Résumé de la décision
M. A... a été recruté par l'université d'Evry-Val d'Essonne en tant que directeur du patrimoine immobilier avec un contrat de trois ans incluant une période d'essai de six mois. Ce contrat a été résilié le 14 octobre 2011 à la fin de la période d'essai. M. A... a contesté cette résiliation en s'adressant au tribunal administratif, qui a rejeté sa demande. En appel, la cour administrative d'appel de Versailles a annulé cette décision, soulignant l'absence de motifs justifiant le licenciement. L'université a alors saisi le Conseil d'État pour annuler cet arrêt, mais le pourvoi a été rejeté. Elle a également été condamnée à verser 3 000 euros à M. A... au titre des frais irrépétibles.
Arguments pertinents
1. Sur la validité de la rupture du contrat : La cour administrative d'appel a constaté l'absence de preuves tangibles des motifs ayant conduit à la résiliation du contrat de M. A..., en déclarant que l'université "n'avait présenté aucune pièce permettant de connaître les griefs liés à la manière de servir de M. A...." Ce constat a conduit à l'annulation de la décision de licenciement pour erreur manifeste d'appréciation.
2. Sur l'équité du jugement : Le Conseil d'État a confirmé l'évaluation des faits par la cour administrative d'appel en estimant que celle-ci avait effectué une "appréciation souveraine des faits qui est exempte de dénaturation". Cela souligne le principe selon lequel les juridictions inférieures ont une compétence d’appréciation des preuves, tant que leur analyse ne tombe pas dans la dénaturation des faits.
Interprétations et citations légales
1. Code de justice administrative - Article L. 761-1 : Cet article prévoit que les parties perdantes dans une instance peuvent être condamnées à rembourser les frais engagés par la partie gagnante. Dans cette décision, le Conseil d'État a appliqué cet article en mettant à la charge de l'université une somme de 3 000 euros, puisqu'elle était la partie perdante dans cette instance.

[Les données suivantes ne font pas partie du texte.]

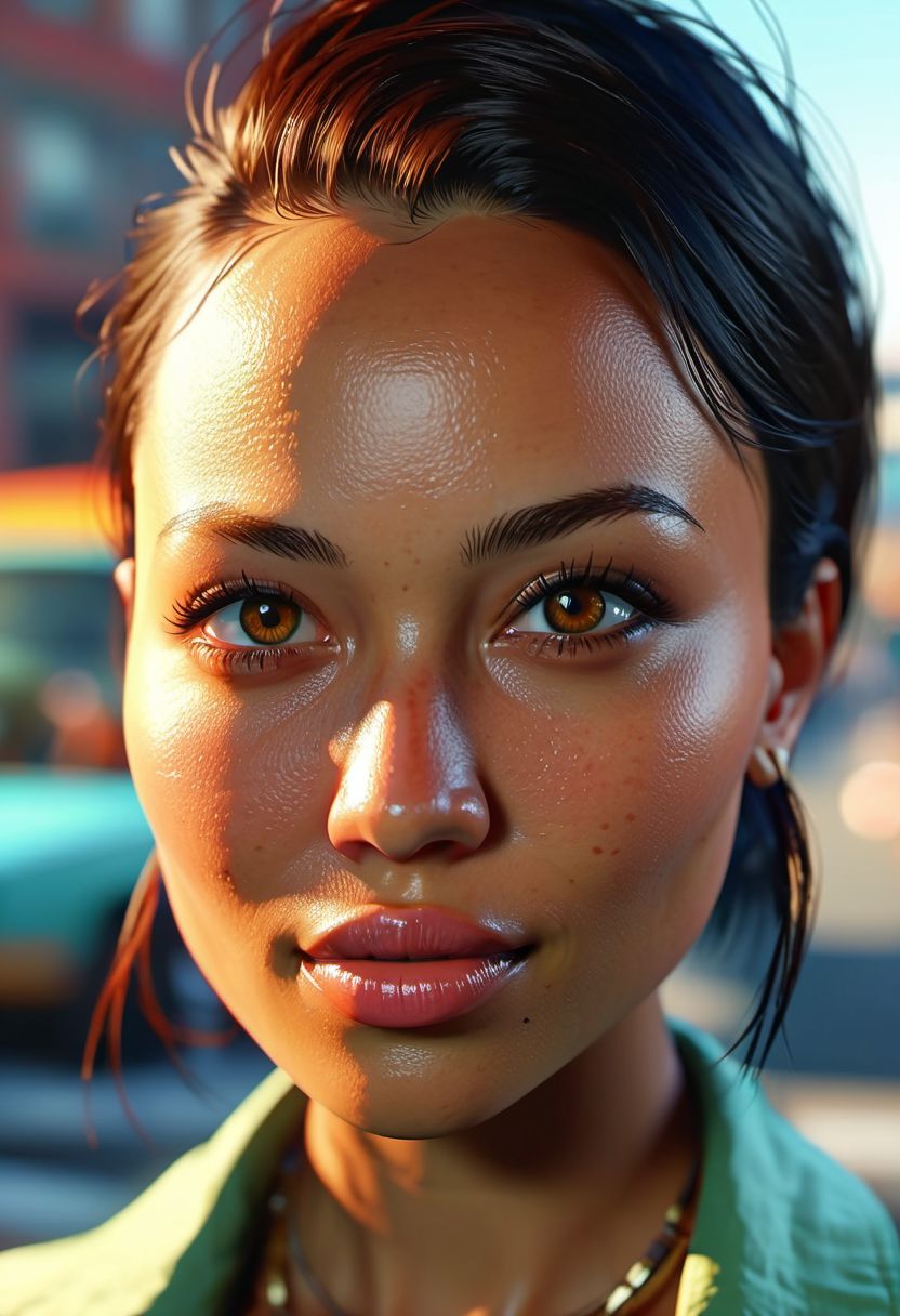 "Grand Theft Auto Five" style. "Levy Tran". In a "Grand Theft Auto Five Loading Screen" aesthetic. Stares the viewer. Subtle smile. Strong expression. Confident. Hip-Hop outfit. By "Simon Stalenhag". Life-like details. Cinematic. Dramatic. Dynamic. Extremely refined lines and and shapes. Extremely refined details on objects. Sharp details. Wide range of colors. Many details everywhere. Ray-Tracing. Anti-Aliasing. Realistic soft shadows. Low saturation colors. Insane quality. Insane resolution. Insane details. Masterpiece. 32k resolution.

Citation pertinente : "les dispositions de l'article L. 761-1 du code de justice administrative font dès lors obstacle à ce qu'une somme soit mise à ce titre à la charge de M. A...qui n'est pas, dans la présente instance, la partie perdante".
2. Principes de droit du travail : Le tribunal a affirmé que, durant une période d'essai, la résiliation d'un contrat de travail doit être fondée sur des motifs objectifs et justifiés. L'absence de ces motifs, comme l'indiquent les courriers de la directrice générale adjointe soulignant des critiques non démontrées, constitue une violation des droits de l'employé.
Citation pertinente : La cour a souligné que M. A... avait produit plusieurs attestations faisant état de son "professionnalisme et de sa diligence dans l'exercice de ses fonctions", ce qui contredit les affirmations de l'université.
Conclusion
Cette décision du Conseil d'État rappelle l'importance des motifs objectifs pour justifier la rupture d'un contrat de travail, même en période d'essai, et la nécessité de présenter des preuves tangibles lors des litiges liés aux licenciements. La confirmation de la décision prise par la cour administrative d'appel, ainsi que l'octroi d'une indemnité pour frais irrépétibles, réaffirment le droit du travail et la protection des salariés contre des résiliations abusives.